Before any preprocessing, we back up the raw UMI counts in a layer called “counts”. It will be used later during model training.

[6]:

rna.layers["counts"] = rna.X.copy()

Then follow a minimal scanpy pipeline for data preprocessing (see their tutorial if you are unfamiliar).

First up we use the “seurat_v3” method to select 2,000 highly variable genes.

[7]:

sc.pp.highly_variable_genes(rna, n_top_genes=2000, flavor="seurat_v3")

Then normalize, scale the data, and perform dimension reduction via PCA. By default, 100 principal components are used.

The PCA embedding will be used in stage 2 as the first encoder transformation to reduce model size.

[8]:

sc.pp.normalize_total(rna)
sc.pp.log1p(rna)
sc.pp.scale(rna)
sc.tl.pca(rna, n_comps=100, svd_solver="auto")

Optionally, we can visualize the RNA domain with UMAP.

[9]:

sc.pp.neighbors(rna, metric="cosine")
sc.tl.umap(rna)
sc.pl.umap(rna, color="cell_type")

Preprocess scATAC-seq data

(Estimated time: ~2 min)

Similar to scRNA-seq, the scATAC-seq accessibility matrix is also supposed to contain raw counts.

[10]:

atac.X, atac.X.data

[10]:

(<9190x241757 sparse matrix of type '<class 'numpy.float32'>'
        with 22575391 stored elements in Compressed Sparse Row format>,
 array([1., 1., 1., ..., 1., 1., 1.], dtype=float32))

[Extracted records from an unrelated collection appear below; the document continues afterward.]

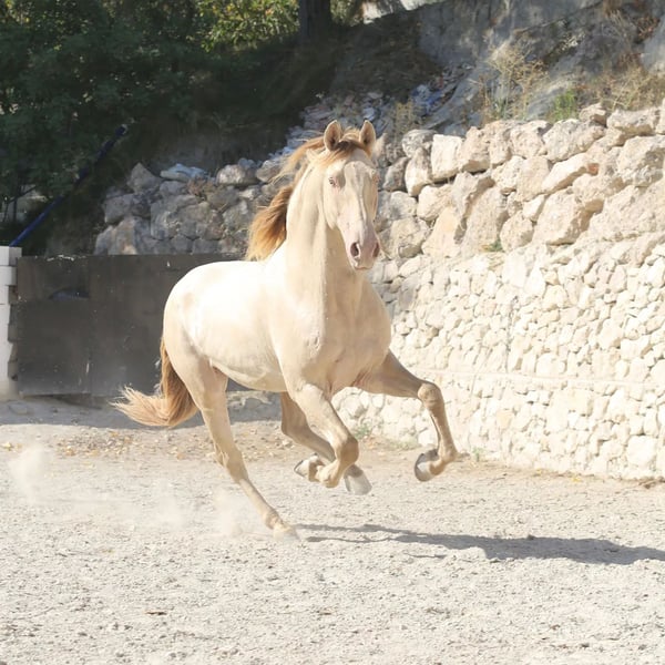 Ha un carattere molto nobile e un movimento eccellente. È molto equilibrato e intelligente. Misura 1,58 m a 22 mesi. Figlio di Ideus A de Narbon.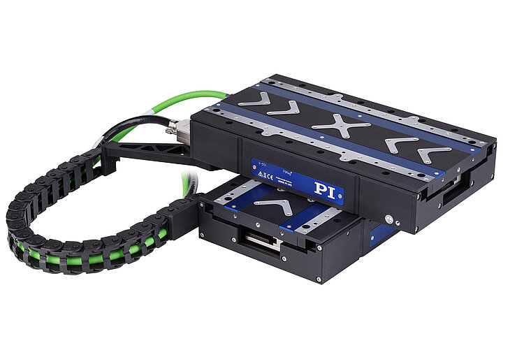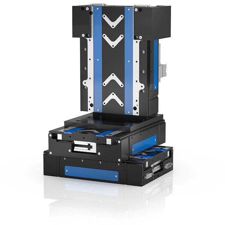 Position measuring is performed with the highest accuracy directly at the motion platform so that nonlinearity, mechanical play or elastic deformation have no influence on position measuring. Position measuring is performed with the highest accuracy directly at the motion platform so that nonlinearity, mechanical play or elastic deformation have no influence on position measuring. The stages are equipped with absolute encoders. They supply explicit position information that enables immediate determination of the position. This means that referencing is not required during switch-on, which increases efficiency and safety during operation.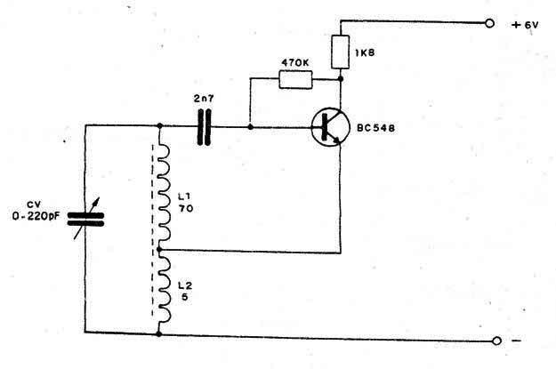El circuito opera en una frecuencia de 1MHz, siendo formada la bobina por 70 espiras de alambre AWG 28 más otra sección de 5 espiras con el mismo alambre enrolladas en un bastón de ferrite de 1 0 cm a 20 cm en 1 cm de diámetro. La tensión de alimentación puede variar entre 6 y 9V. Se da preferencia al uso de transistores de RF para. mayor facilidad de oscilación como el BF494 o el 2A216.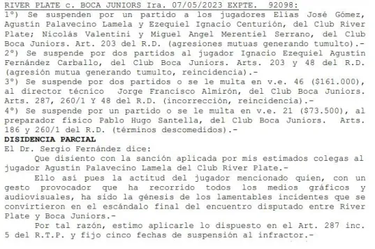 “La actitud del jugador Agustín Palavecino quien, con un gesto provocador que ha recorrido todos los medios gráficos y audiovisuales, ha sido la génesis de los lamentables incidentes que se convirtieron en el escándalo final del encuentro disputado entre River Plate y Boca Juniors”, argumenta Fernández.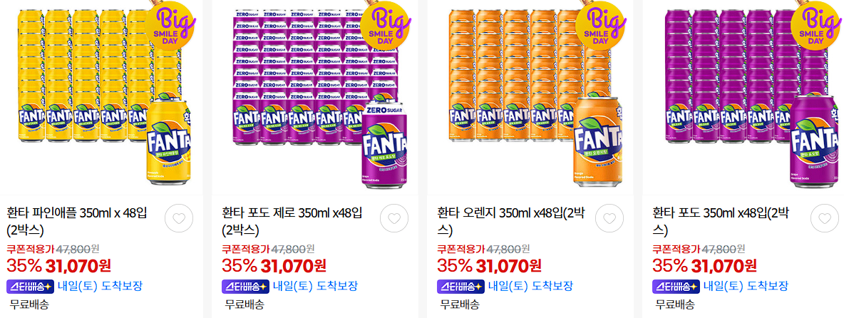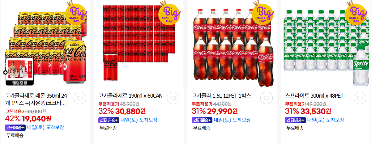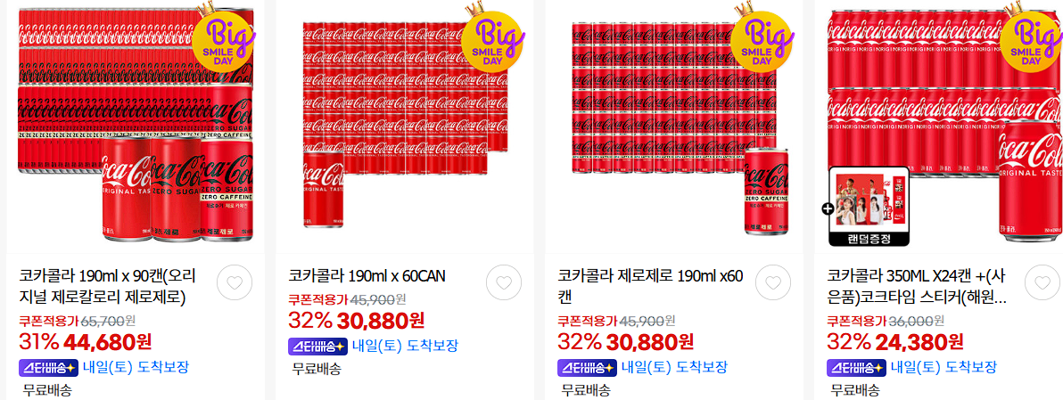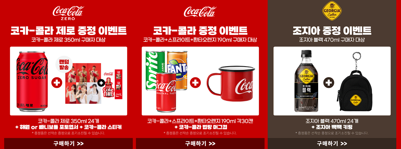 할인 품목 : 코카콜라, 환타, 조지아 등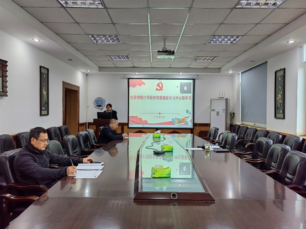 11月22日上午,电信学院分党委理论学习中心组在10教205会议室组织集中学习,本次学习由分党委书记刘逸主持,采取线上线下结合的方式,中心组全体成员参加学习活动。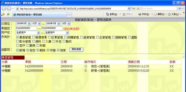異動追踪是做為一個「操作過程全記錄」的查訽工具,它可告訴你某張單據或某個對象或某個料號在什麼時侯被某個人做了什麼動作,其中包含新增、修改、刪除等任何與之有關的動作,皆會被完完整整的記錄下來,你可在此探查得知過程中發生了什麼事,這對於管理者是一個極為重要的輔助工具。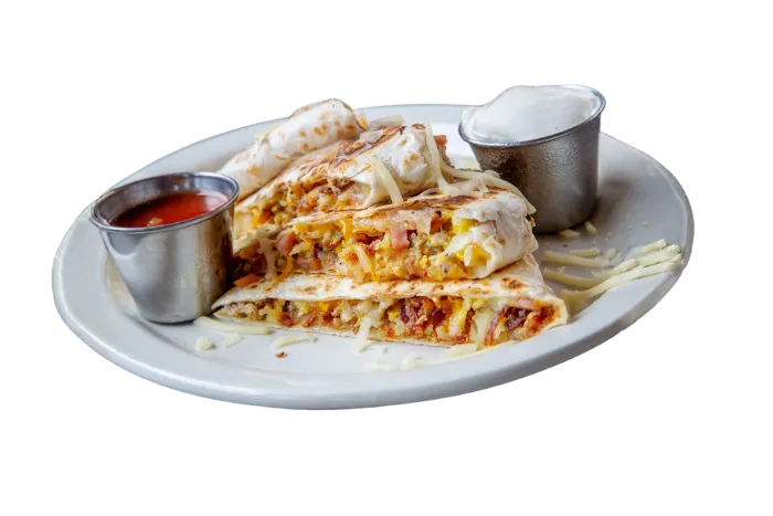 Eggs, Bacon, Ham, Sausage, Hash Browns and Monterey Jack Cheese folded and grilled in Flour Tortilla.

For scATAC-seq, we apply the latent semantic indexing (LSI) for dimension reduction, using the function scglue.data.lsi. This is just a Python reimplementation of the LSI function in Signac. We also set the dimensionality to 100. The other keyword argument n_iter=15 is passed to sklearn.utils.extmath.randomized_svd. Setting it to larger values increases the precision of randomized SVD.

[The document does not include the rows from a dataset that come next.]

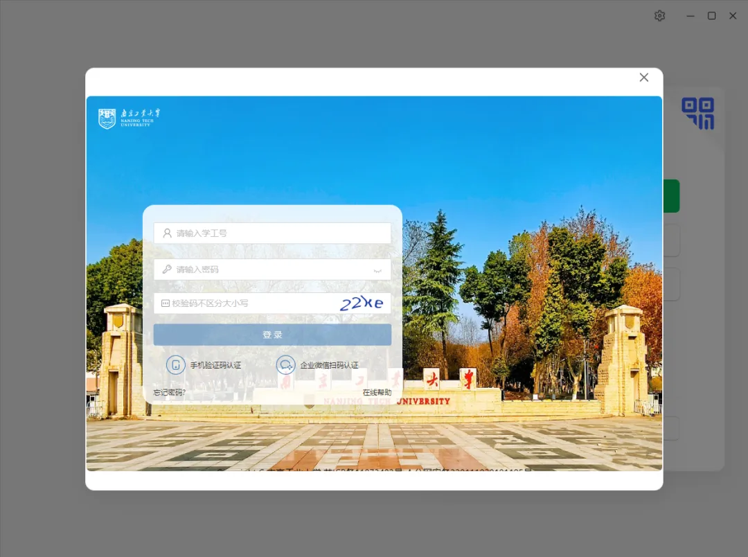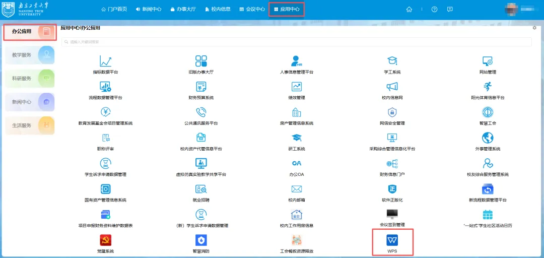 访问i.njtech.edu.cn,通过统一身份认证方式登录后,点击“智慧南工”,进入门户首页,点击应用中心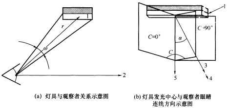 1—灯具发光部分;2—观察者眼睛方向;3—灯具发光中心与观察者眼睛连线;4—观察者;5—灯具发光表面法线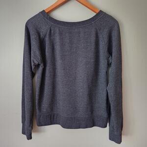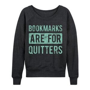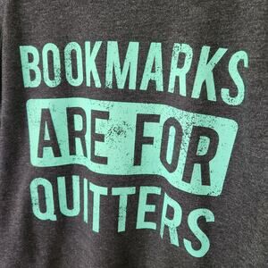 Excellent condition, size Small, long sleeve crewneck dark heathered gray sweater with mint colored text Bookmarks Are For Quitters bookish quote.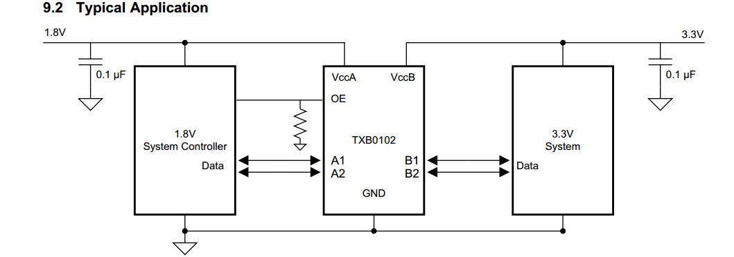 • 标准的接法是上电瞬间,OE为低,输出disable,为高阻抗状态,当电压完全起来之后,OE拉高,TXB0102使能,正常工作。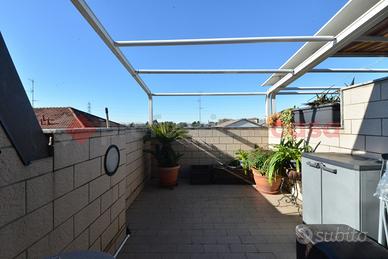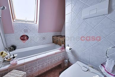 La soluzione è composta al primo piano da un ampio soggiorno con accesso e cucina abitabile entrambi dotati di balcone, bagno con doccia finestrato e un comodo ripostiglio; proseguendo con un ampia e comoda scala in marmo si accese al piano superiore composto da due ampie camere matrimoniali di cui una dotata di terrazzino. A completare la zona notte un elegante bagno con doccia e vasca in muratura.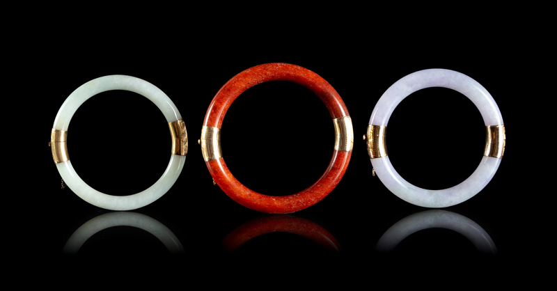 comprising a lavender and a pale celadon jadeite example, a celadon jadeite example and a russet hardstone example, each with 14k yellow gold mountings.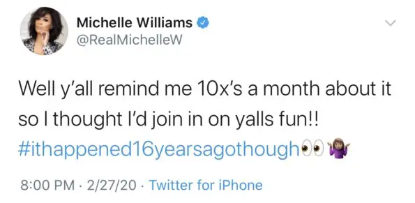 This week, Michelle Williams took to Twitter with a fun fact about one of the most memorable moments of the R&B super girl group classic, “Soldier,” performance. She writes: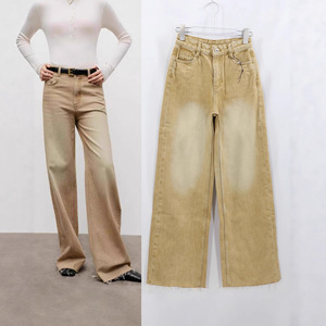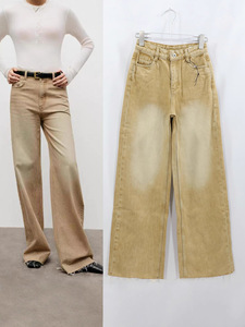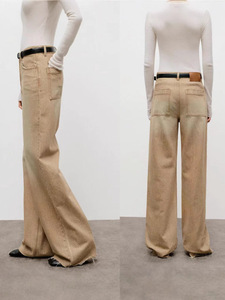 ED直筒牛仔裤女棕咖色美拉德高腰宽松百搭毛边长裤女2025秋冬新款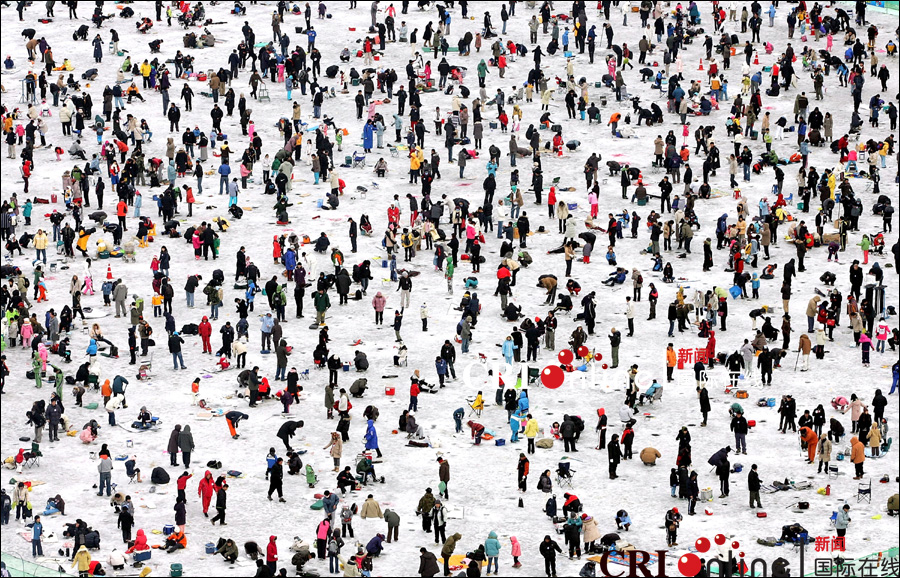 韩国华川:2008年1月13日,韩国众多钓鱼爱好者齐聚韩国华川参加“华川山川鱼节”的钓鱼比赛。山川鱼实际上是鲑鱼的一种,性喜冷水。“华川山川鱼节”每年都吸引近百万游客前来,他们将鱼钩透过冰孔放入冰冻的河水中静等鱼儿上钩,几十万人共同钓鱼的场面实在壮观。(图片来源:CFP)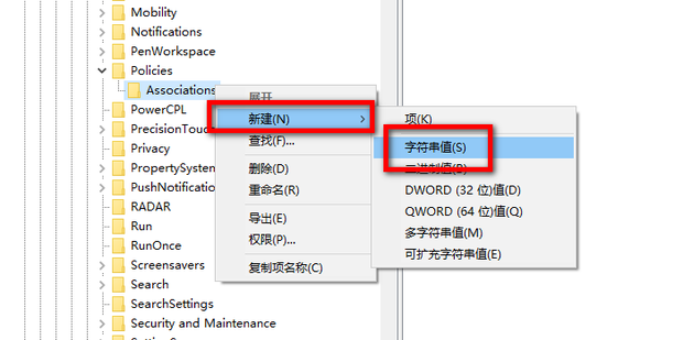 4:在Associations项中新建名为LowRiskFileTypes的字符串值。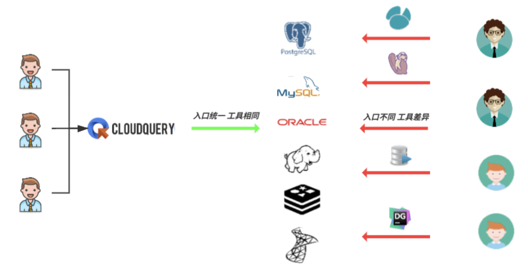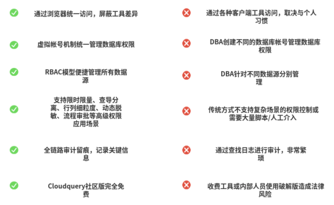 使用 CloudQuery 管理数据库与传统方式管理数据库的区别: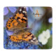 Photograph of a Painted Lady butterfly on a blue hydrangea.
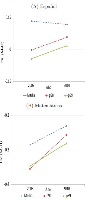 En el nivel medio superior, entre los años 2008 y 2010, la brecha de género en el promedio se redujo en matemáticas. Lo que concuerda con lo hallado por Hyde et al. (2008), Guiso et al. (2008) y Else-Quest, Hyde y Linn (2010), sobre un cierre de brechas en matemáticas. Lo mismo sucedió con la brecha en español. En general, lo encontrado es que las brechas de género en matemáticas al final de los niveles educativos se ha reducido en los años recientes.

The LSI embedding will be used in stage 2 as the first encoder transformation to reduce model size.

[11]:

scglue.data.lsi(atac, n_components=100, n_iter=15)

Optionally, we may also visualize the ATAC domain with UMAP.

[12]:

sc.pp.neighbors(atac, use_rep="X_lsi", metric="cosine")
sc.tl.umap(atac)

[13]:

sc.pl.umap(atac, color="cell_type")

Construct prior regulatory graph

Estimated time: ~2 min

Next, we need to construct the guidance graph, which will be utilized by GLUE to orient the multi-omics alignment. The graph should contain omics features as nodes (e.g., genes for scRNA-seq, and peaks for scATAC-seq), and prior regulatory interactions as edges.

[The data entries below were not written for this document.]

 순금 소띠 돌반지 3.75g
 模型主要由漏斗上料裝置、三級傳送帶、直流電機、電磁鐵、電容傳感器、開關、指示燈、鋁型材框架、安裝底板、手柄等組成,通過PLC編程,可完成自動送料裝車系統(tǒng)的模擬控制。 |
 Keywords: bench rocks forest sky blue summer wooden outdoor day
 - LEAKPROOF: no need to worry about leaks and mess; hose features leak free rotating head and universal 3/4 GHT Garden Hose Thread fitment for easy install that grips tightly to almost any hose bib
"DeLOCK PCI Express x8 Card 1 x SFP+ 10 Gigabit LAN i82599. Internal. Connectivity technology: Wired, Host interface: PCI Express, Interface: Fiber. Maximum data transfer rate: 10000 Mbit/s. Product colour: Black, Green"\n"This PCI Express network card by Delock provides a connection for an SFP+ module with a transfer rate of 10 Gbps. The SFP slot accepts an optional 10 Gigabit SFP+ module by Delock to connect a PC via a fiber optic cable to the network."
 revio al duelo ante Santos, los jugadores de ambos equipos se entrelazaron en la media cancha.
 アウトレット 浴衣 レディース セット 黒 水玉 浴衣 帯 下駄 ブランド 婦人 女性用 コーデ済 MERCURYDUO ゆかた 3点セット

GLUE accepts guidance graph in the form of networkx graph objects (see this introduction if you are unfamilar). So, in principle, you can manually construct the guidance graph tailored to your need, as long as the graph complies to the following standards:

The graph nodes should cover all omics features in the datasets to be integrated.
The graph edges should contain “weight” and “sign” as edge attributes. Weights should have range (0, 1], and signs should take values of either 1 or -1.
The graph should contain a self-loop for each node, with weight = 1, and sign = 1.
It is recommended to use undirected graphs (Graph, MultiGraph), or symmetric directed graphs (DiGraph, MultiDiGraph).

Below, we show how to construct a guidance graph for scRNA-seq and scATAC-seq integration, using builtin functions in scglue.

Obtain genomic coordinates

The most commonly used prior information linking ATAC peaks with genes is genomic proximity. To do so, we need the genomic coordinates for peaks and genes, and store them as feature meta data in the var slot.

For typical scRNA-seq datasets, only the gene names/IDs are stored, but not their coordinates, as is the case here:

[14]:

rna.var.head()

[14]:

	highly_variable	highly_variable_rank	means	variances	variances_norm	mean	std
genes
0610005C13Rik	False	NaN	0.001415	0.001413	0.958918	0.000832	0.024802
0610009B22Rik	True	1528.0	0.017301	0.022228	1.126013	0.010283	0.091634
0610009E02Rik	False	NaN	0.014799	0.017193	1.023411	0.008182	0.076223
0610009L18Rik	False	NaN	0.016540	0.020403	1.082735	0.009849	0.088678
0610010F05Rik	False	NaN	0.157563	0.197176	1.004244	0.086493	0.245927

So, we provide a utility function scglue.data.get_gene_annotation to supplement the coordinate information from GTF files. The following usage assumes that the rna.var_names correspond to “gene_name” attribute in the GTF file. For other cases, please check the function documentation.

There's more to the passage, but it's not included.